As we all know very well that the Chinese smartphone manufacturer has become one of the largest manufacturers of smartphones, as it offering good built quality with an excellent level of hardware at a very reasonable price. But, recently a security practitioner discovered that Xiaomi can silently install any application on your Android device.
Xiaomi Can Silently Install Any Application On Your Android Device
Xiaomi has become one of the largest manufacturers of smartphones today, as it offering good built quality with an excellent level of hardware at a very reasonable price. In addition, the Chinese smartphone manufacturer uses their mobile phones with Google’s operating system, yes, of course, it’s Android and everyone knows that it is the most popular and widely used OS worldwide.
However, like many other manufacturers of smartphones, Xiaomi uses its own customized interface or UI, better known as MIUI. Xiaomi performs the pre-installation of certain applications simply to increase the device performance. In this case, as everyone knows its interface MIUI, but there are other preinstalled applications in the device of the Chinese manufacturer we don’t really know that what those apps are and what their purposes.

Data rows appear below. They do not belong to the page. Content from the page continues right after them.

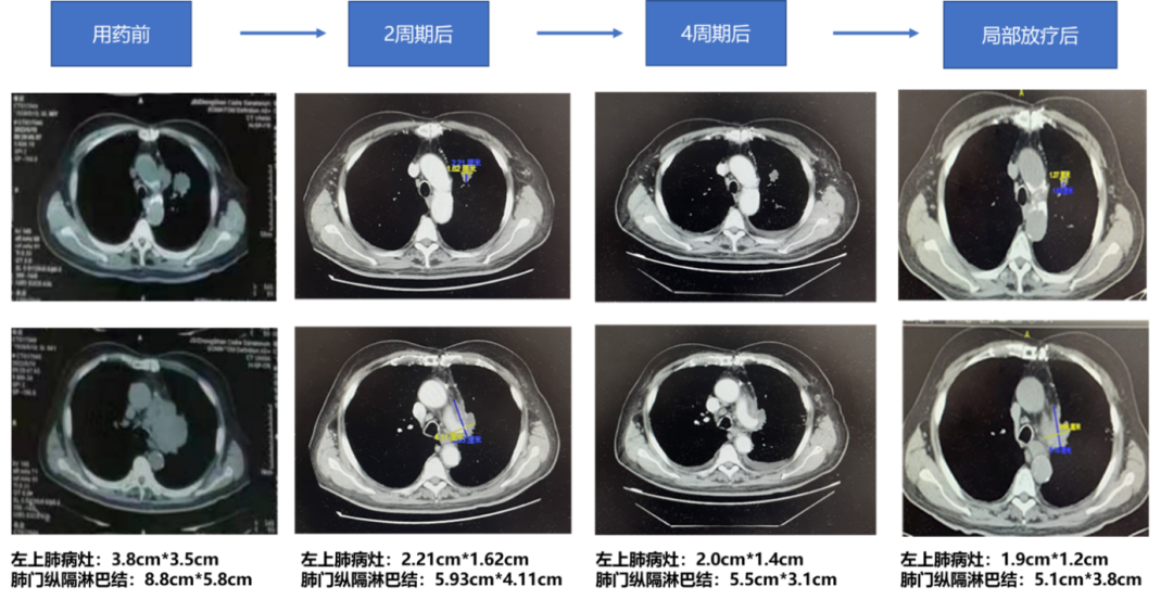 2022-09-27(4周期后)胸部CT:左肺上叶分叶状结节,较前稍缩小,现约1.42*2.0cm;左肺门稍肿大淋巴结,较前稍饱满,现约2.71*1.92cm。纵隔多发大小不等淋巴结,部分有融合,形成不规则软组织肿块,包绕临近血管,较大一处现约5.54*3.12cm,前约5.93*4.11cm,较前稍缩小。双侧锁骨上小淋巴结,变化不大。两肺肺气肿、肺大泡,两肺散在斑片索条影,胸膜下为主,呈间质性改变,较前明显;两肺散在小结节影,较大一枚仍0.78cm,变化不大。两侧胸腔少量积液,较前稍增多。
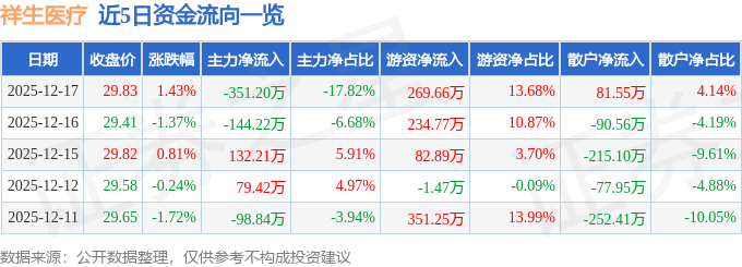 证券之星消息,截至2025年12月17日收盘,祥生医疗(688358)报收于29.83元,上涨1.43%,换手率0.6%,成交量6691.0手,成交额1970.7万元。
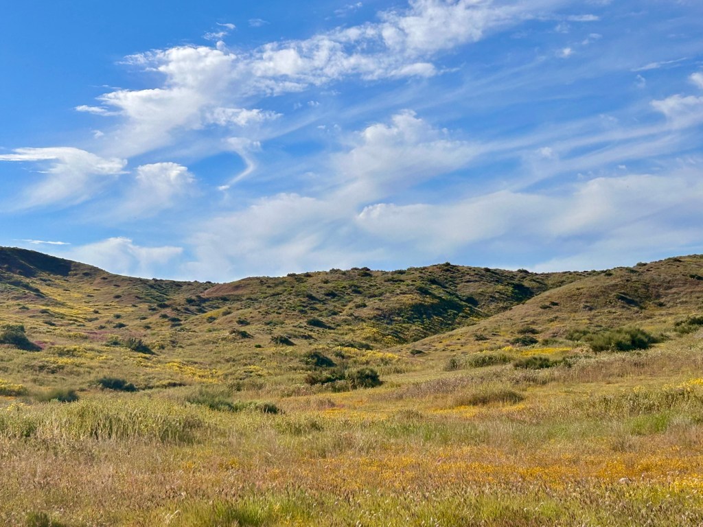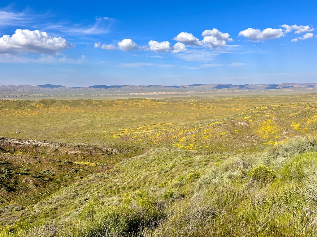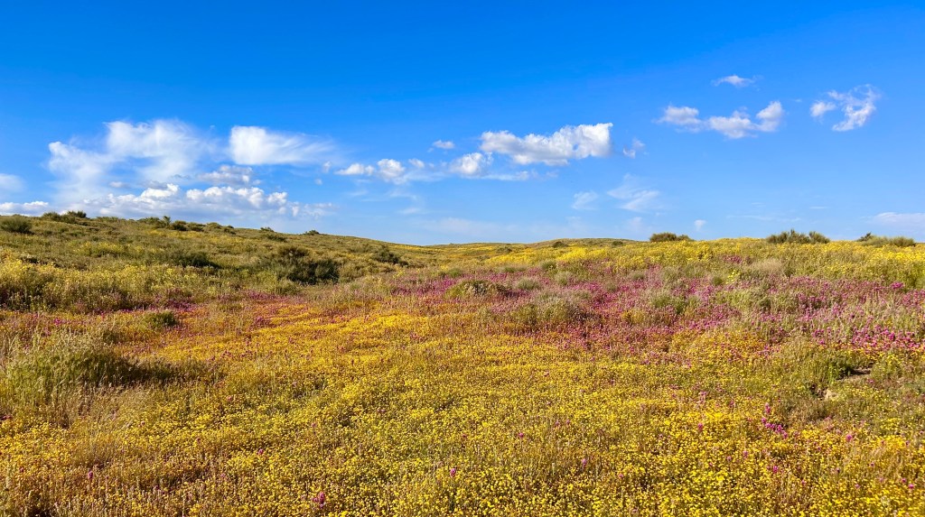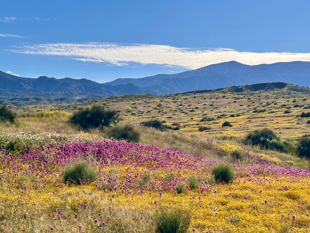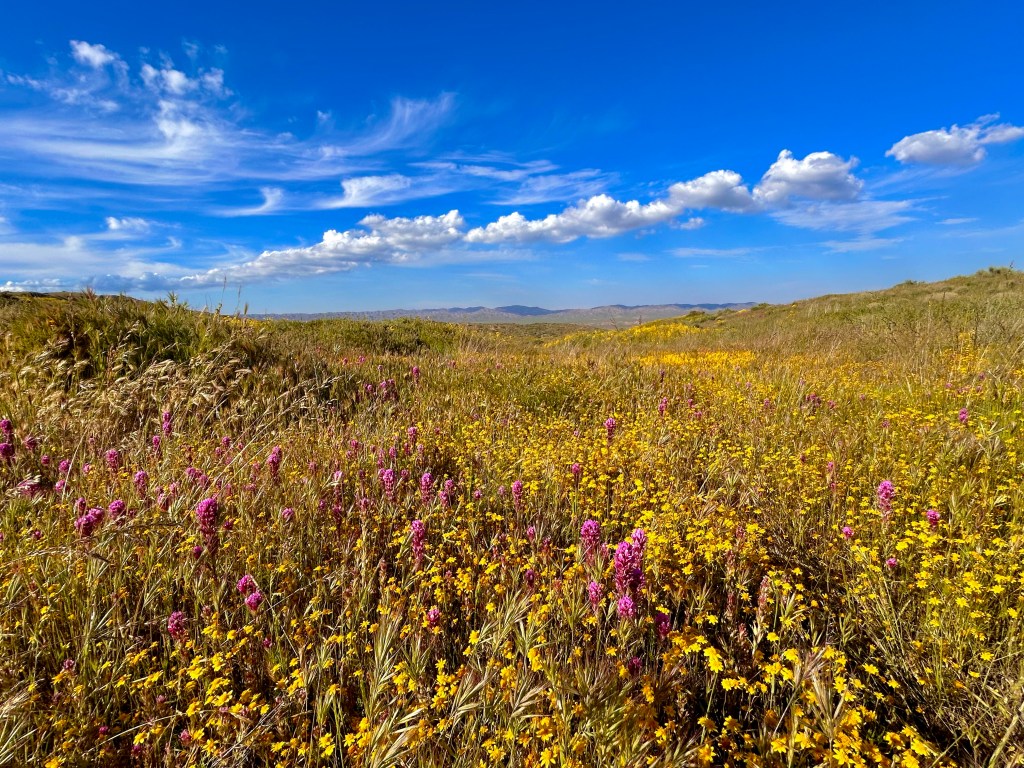 At 38 miles long and 17 miles wide, the Carrizo Plain is surrounded by mountains and bisected by the San Andreas Fault, whose influence is seen in the landscape. We were greeted with layers of undulating hills and fields of wildflowers. While not exactly the neon rainbows that you may have seen online, there was plenty of color. Throughout the day we observed poppies, lupine, yellow fiddlenecks, and miles of goldfields dotted with purple owl’s clover. We also encountered fields of tidy tips, and the brashly named common hillside daisies, which looked anything but common to me.
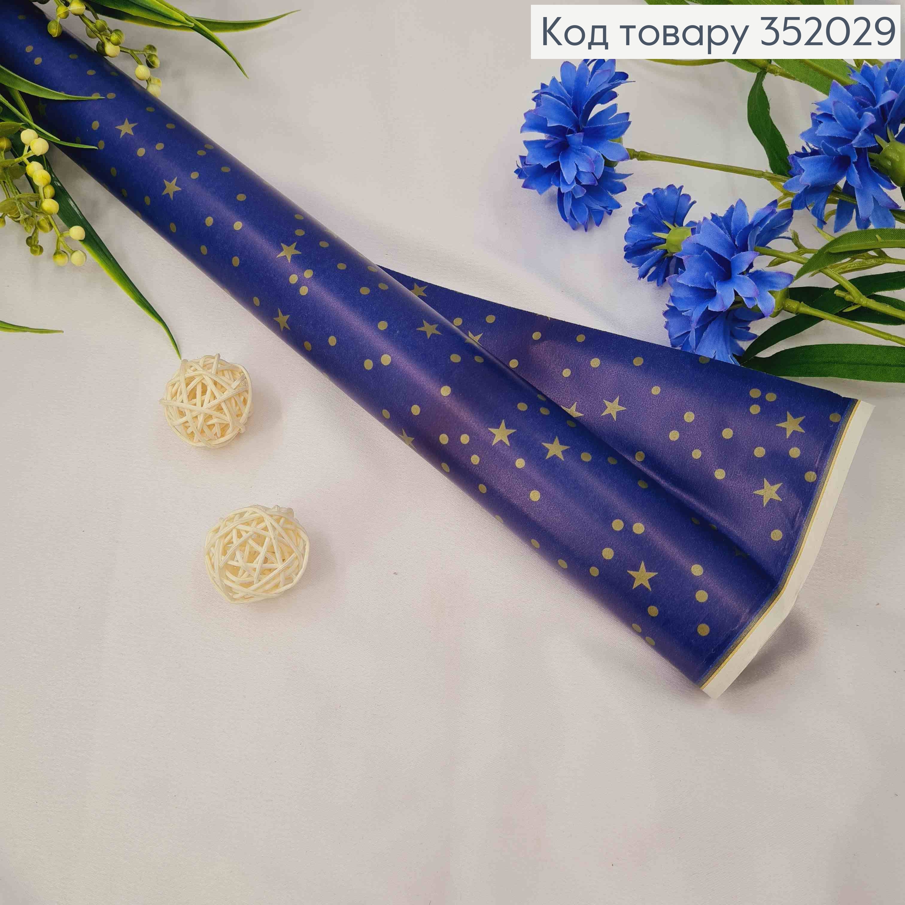 Бумага мелованная новогодняя "Золотые звезды на синем" на индиго, рулон 68см, длина 7метров

The question actually arises here that, do these apps pose any threat to your security or privacy?
Simply to find out the actual role of these applications that comes pre-installed on Xiaomi smartphones, a Computer Science student as well as a security practitioner and the owner of a Xiaomi Mi4 smartphone, Broenink from Netherland, begin an investigation to know the actual role, behaviour, and purpose of the mysterious pre-installed app, which is known as “AnalyticsCore.apk”, which runs non-stop in the background and even it reappeared later if you delete it.
But, the security enthusiast, Broenink asked about its purposes in the support forums of the company, but the company did not respond. Hence, the student began to study the behavior of the application and realized that the software sent information to the official server of the company periodically.
Even it can also allow the company Xiaomi to install any applications on any Xiaomi device, as the security enthusiast also investigated that if there was an application or update for the “Analytics.apk” app, but he found that it can be downloaded and installed on the device without notifying the user. It is not the first time Xiaomi is related to the pre-installation of adware and spyware. However, now it clearly seems that history could repeat this back door again.
“So it looks like Xiaomi can replace any (signed?) package they want silently on your device within 24 hours. And I’m not sure when this App Installer gets called, but I wonder if it’s possible to place your own Analytics.apk inside the correct dir, and wait for it to get installed,” Thijs Broenink said.
What is really worrying is that Xiaomi can install any applications on our smartphones without notifying us, yes it means silently. Even this can be also exploited by any third parties, as they could use this as a means of access as vulnerability to install malicious applications on our devices.
“This sounds like a vulnerability to me anyhow, since they have your IMEI and Device Model, they can install any APK for your device specifically,” Thijs Broenink said.
As a workaround, Broenink recommends users of Xiaomi to use any firewall app simply to block all connections to related Xiaomi domains and prevent it from performing any attack as the man-in-the-Middle takes advantage of these connections.